The findings carry practical implications. GLP-1 medicines have become widely prescribed, yet their mechanism of action in the body, beyond appetite suppression and blood sugar control, have remained incompletely understood. Knowing that semaglutide improves liver health independently of weight loss could influence prescribing decisions. Physicians may choose lower doses that avoid the side effects associated with the higher doses needed for significant weight loss, potentially also lowering costs for patients, said Dr. Drucker.

He added, “We're not saying weight loss isn't important because many things improve when patients lose weight. But we now know that weight shouldn't be the only measure of success, because GLP-1 medicines will improve liver health whether or not the patient loses weight.” 

This research was funded by grants from the Canadian Institutes of Health Research and a Sinai Health-Novo Nordisk Foundation Fund in Regulatory peptides.

Services Spotlight: Network Biology Collaborative Centre (NBCC)

Dissecting how semaglutide improves metabolic liver disease required an integrated, multi-platform approach to determine which liver cell populations respond to treatment and how signalling networks within these cells are reshaped by disease and treatment. This work was enabled by the advanced research infrastructure available through Sinai Health’s Network Biology Collaborative Centre (NBCC). 
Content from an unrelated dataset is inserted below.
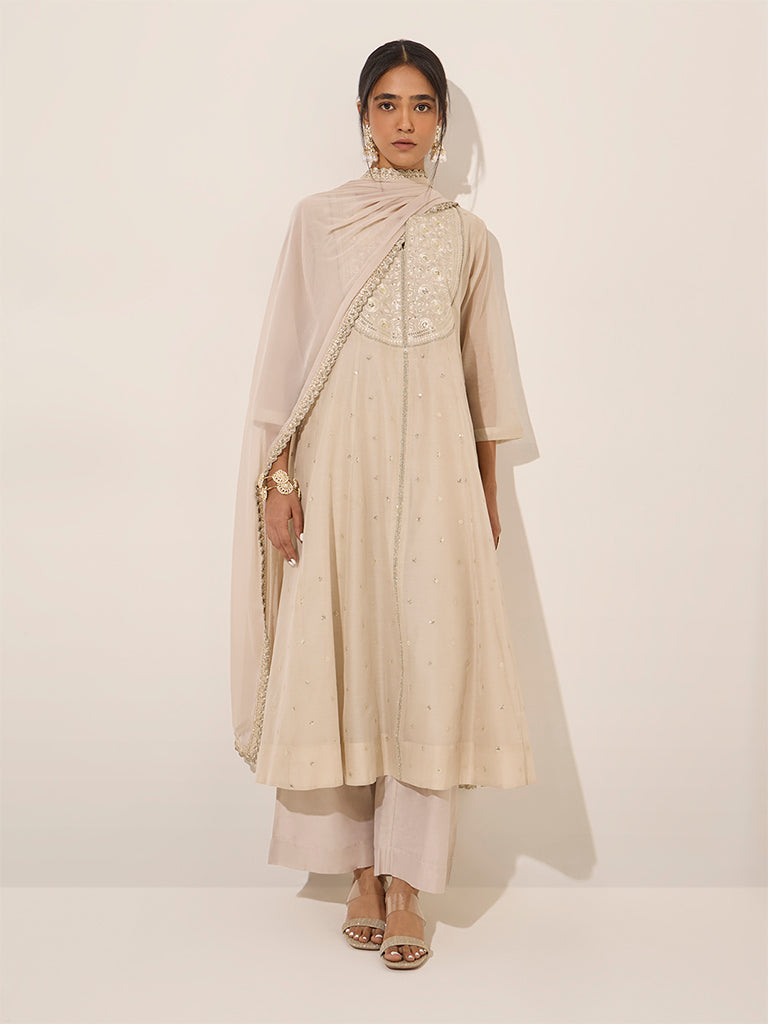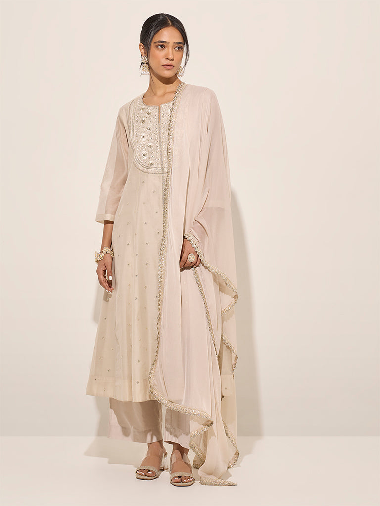 Vark Off-White Embellished Cotton-Blend A-Line Kurta. Palazzos and Dupatta Set

Single-cell RNA sequencing approaches were used to identify LSECs as responsive to semaglutide and to measure how genes activity was affected in individual liver cells. Changes in gene activity were corroborated by mass spectrometry-based measurements of proteins, the end products of genes. Both methods detected two proteins, FABP4 and CD36, that were previously identified in clinical trials as biomarkers of semaglutide responsiveness. To monitor liver inflammation, the team applied image-based flow cytometry to track the abundance of specific immune cell populations during disease progression and following treatment. 

NBCC platforms and expertise are available to internal and external investigators, supporting collaborative, translational research from mechanistic discovery to clinical relevance.